Students of the Graham dynasty at The Washington Post have observed over the years the presence of an internal "Mafia" at the newspaper. It is less colorfully but more properly described as the Louisville Courier-Journal and Times Alumni Association. Its members over the past quarter century commanded for significant periods of time the newspaper's foreign, national and metropolitan staffs. They supplied editors for the Outlook section, the Magazine and the National Weekly. They became editorial writers, columnists, ombudsmen, leading correspondents and investigators.
The political correspondent and Midwestern bureau chief, Bill Peterson -- a "most parfit" man who died this month of cancer -- was a card-carrying member of that fraternity. He and his brethren brought to the institution literary grace and attitudes of mind that, in significant ways, helped shape its character and tone from the '60s to the present day.
Many of those Kentuckians are now Post alumni. They include Philip Foisie, who played a major role in the creation of The Post's foreign service and is now the ombudsman for the Defense Department's Stars and Stripes newspapers. William Greider, a former editor of Outlook and assistant managing editor for national affairs, is writing books and doing a column for Rolling Stone. Stephen Isaacs, metropolitan editor and editor of the Magazine in the 1960s, has moved to academic pastures as an associate dean at Columbia University. Ward Sinclair, chronicler of rural America, has begun practicing what he preached as a commercial grower of vegetables and fruits. David Kindred, essayist and sports columnist, sought a larger playing field.

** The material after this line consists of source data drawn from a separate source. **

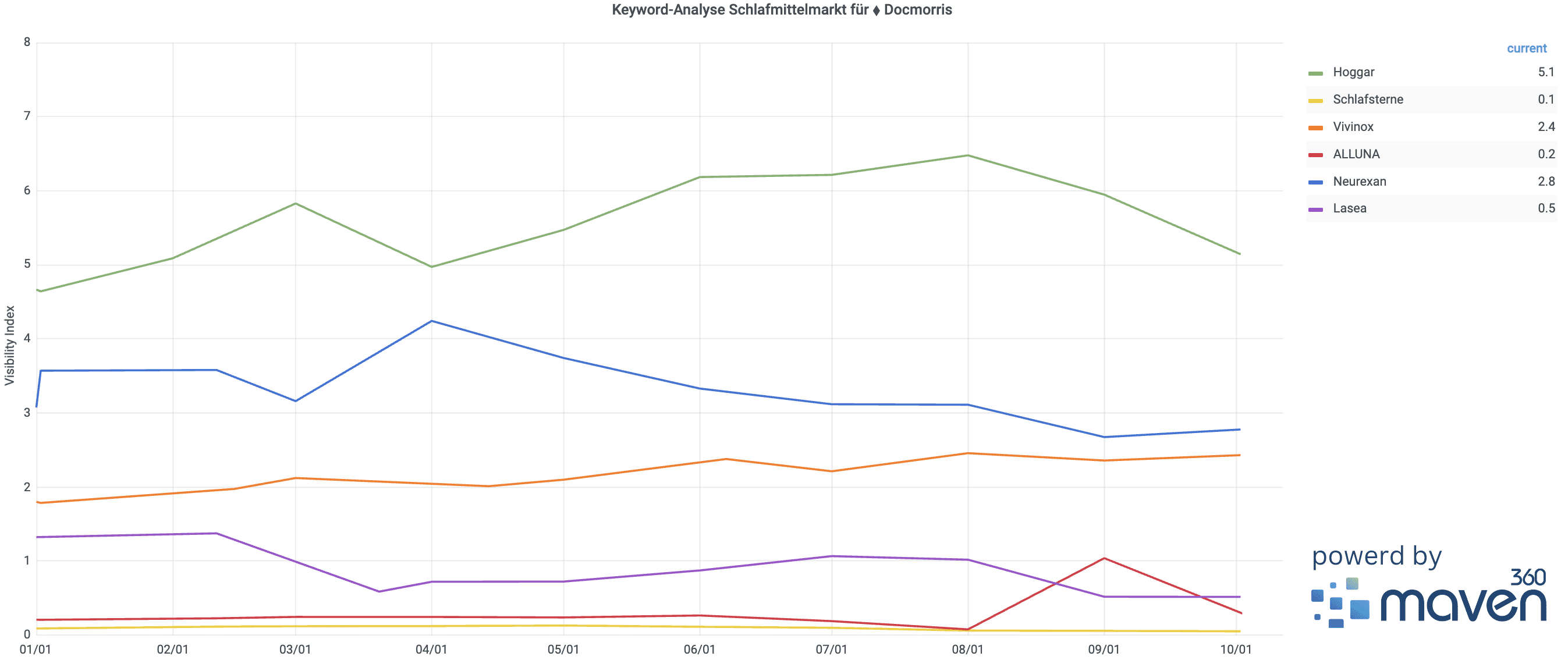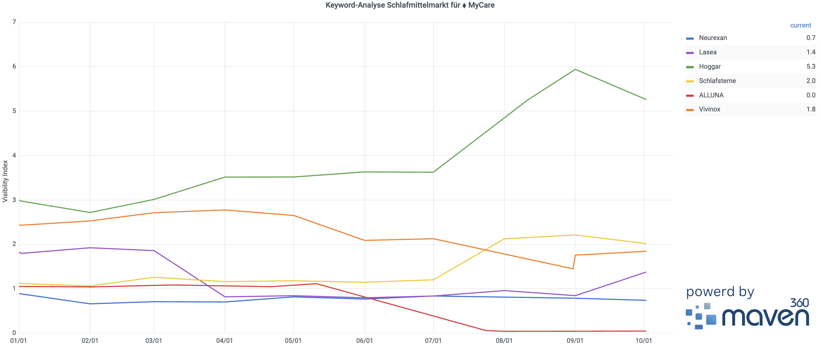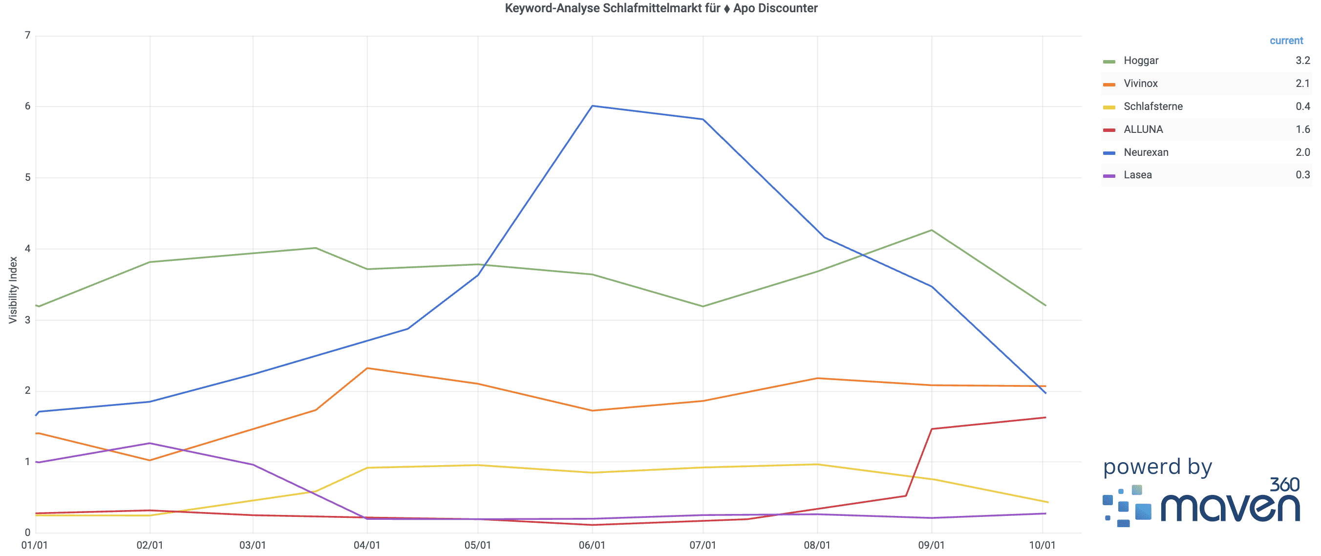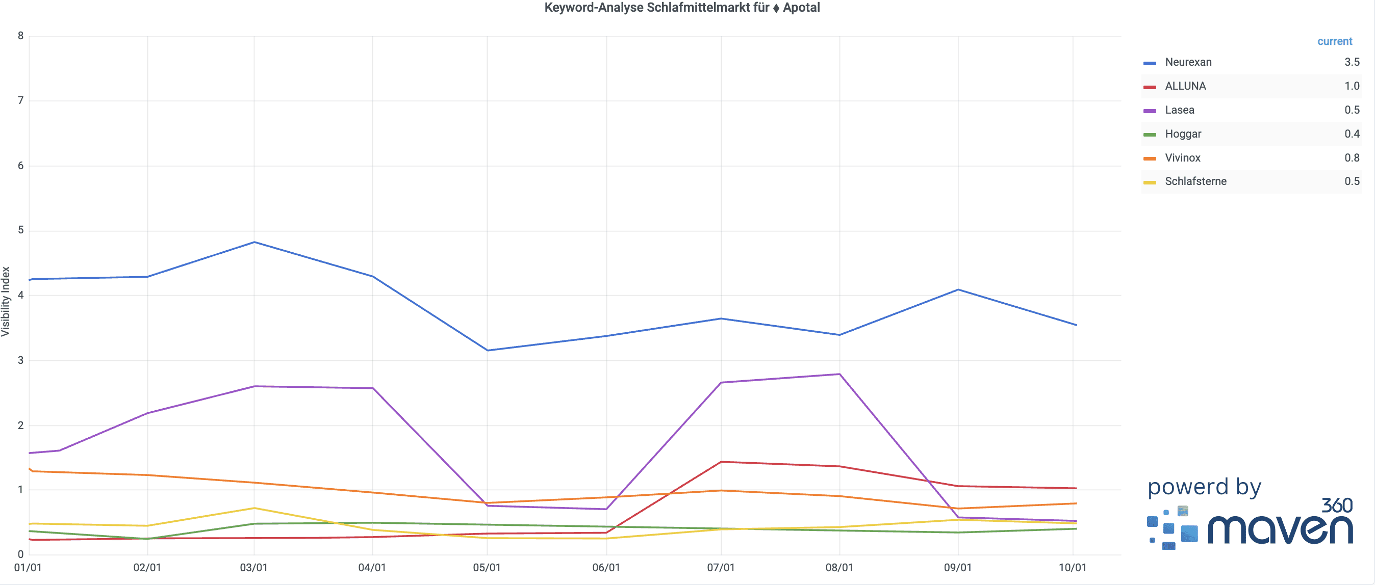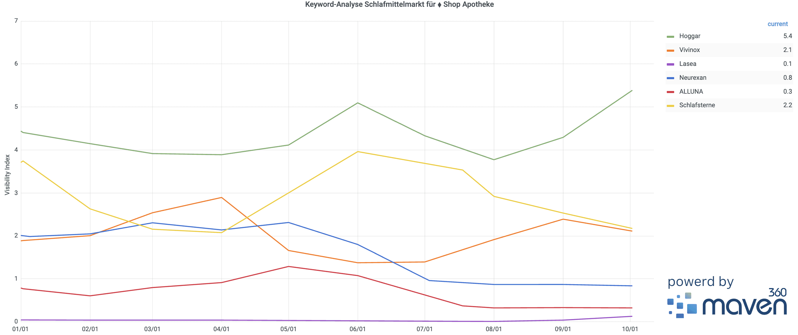 Die Grafiken veranschaulichen die Sichtbarkeit in Form unseres Index für die relevanten Keywords rund um das Thema Schlafmittel. Dabei haben wir unsere primären Versandapotheken Shop Apotheke, DocMorris, Medpex, Medikamente per Klick, Aponeo, Sanicare, mycare und Apotal gewählt.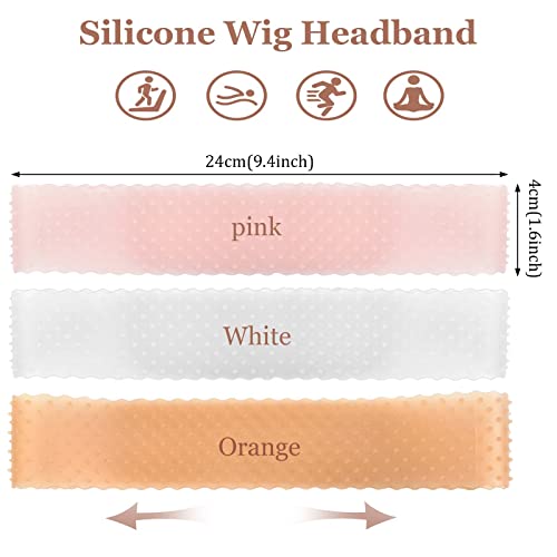 3Pz Fascia per Parrucca, Fascia per Parrucca in Silicone Antiscivolo, Parrucca Grip Fascia, Fascia per Parrucca Mantenere per Parrucca Fissa, Arancione + Rsa + Bianco traslucido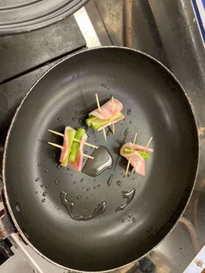ベーコンやじゃがいも、アスパラガスなどを使って、炒め料理やスープを作りました。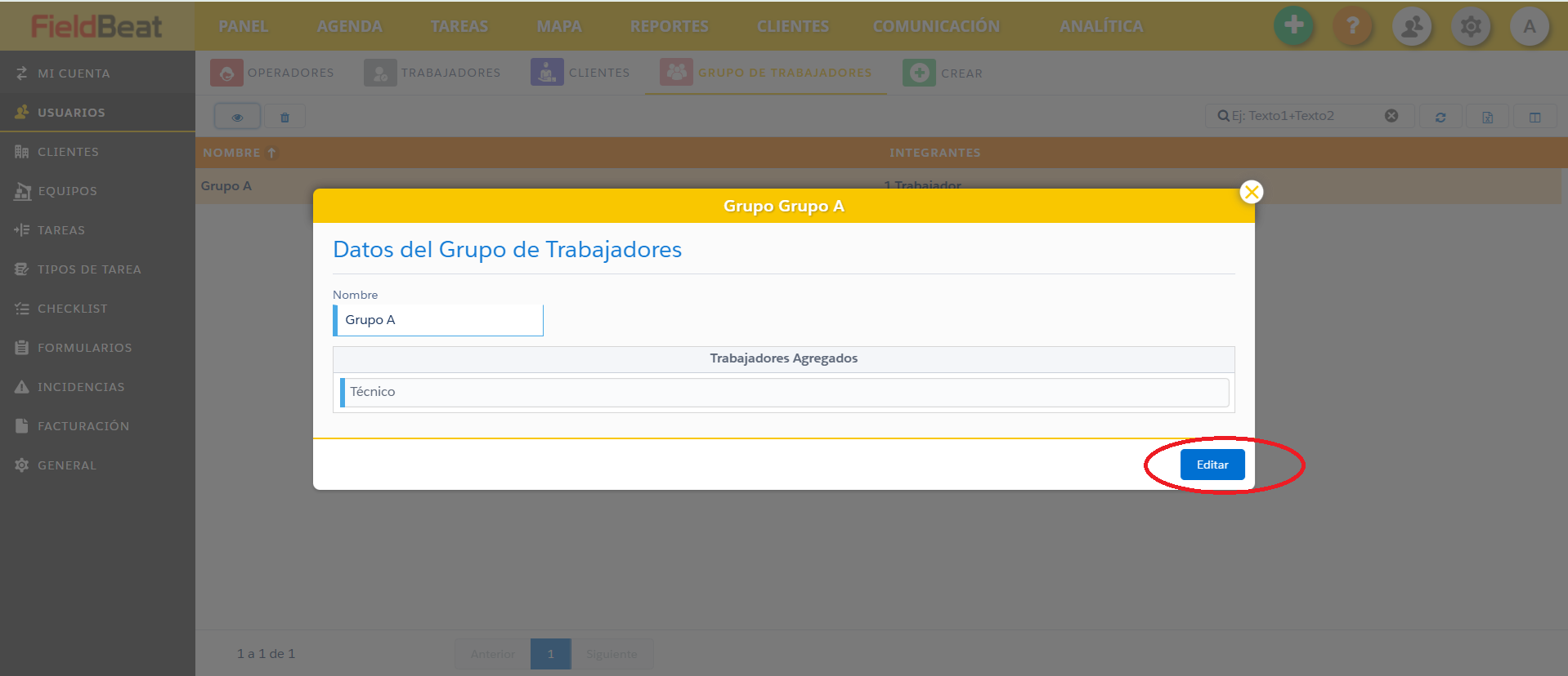 Para poder modificar un grupo de trabajadores debe seguir los siguientes pasos:

The pattern of recruitment that brought them to Washington -- the "old boy network" -- resembled in its operation the classic rhythms and processes of immigration in the United States. A pathfinder arrives, finds the soil congenial, establishes a foothold and sends for his friends and relatives. Today the process is known simply as "networking," but it continues to be an important factor in who gets hired. A new "Mafia" now flourishing at The Post is made up of recent emigres from Florida newspapers, the Miami Herald and the St. Petersburg Times in particular.
These hiring practices have been common in the newspaper game. For years, a DePauw University "Mafia," led by K. C. Hogate and Barney Kilgore, presided over the fortunes of The Wall Street Journal and built it into an important national newspaper. This powerful Midwestern influence was later reinforced by an influx of recruits from Kansas and Missouri. Its new farm club is a small outfit based in New York, the American Lawyer publications; four former executive editors of the Lawyer are among those who jumped ship. But the DePauw connection survives. Jim Stewart, the Page 1 editor, cheered for the Black and Gold.
The New York Times epitomizes to many people the cosmopolitan, monied Eastern establishment. But for much of this century recruits from the Confederate South gave the newspaper, as Gay Talese puts it, "a sense of the larger America," including its rural precincts. The roster included a procession of managing editors and Washington bureau chiefs, departmental editors, distinguished correspondents and columnists. The southern influence persists, not only in the prominent presence of Associate Editor Tom Wicker and Washington bureau chief Howell Raines, but in the general editing and reporting ranks of the paper. The current newsroom recruiter, Carolyn Lee, is a Courier-Journal alumna who has begun assembling at The Times a mini Louisville "Mafia."
For years American newspaper histories celebrated the lives of the great men who sat at the table as owners and publishers. In more recent decades, however, editors and writers (and television producers) -- many of them unheralded -- played critical and often dominant roles in the development and style of the journalism we practice today. The editorial pages may still speak for owners. But news departments increasingly are not only independent of those voices but often are in conflict with them as is so evident at The Wall Street Journal and, not infrequently, here at The Post as well.
The "old boy networks" were crucial in this evolution. They are suspect these days as undemocratic. But in one guise or another they survive and leave their imprint on the news of the day.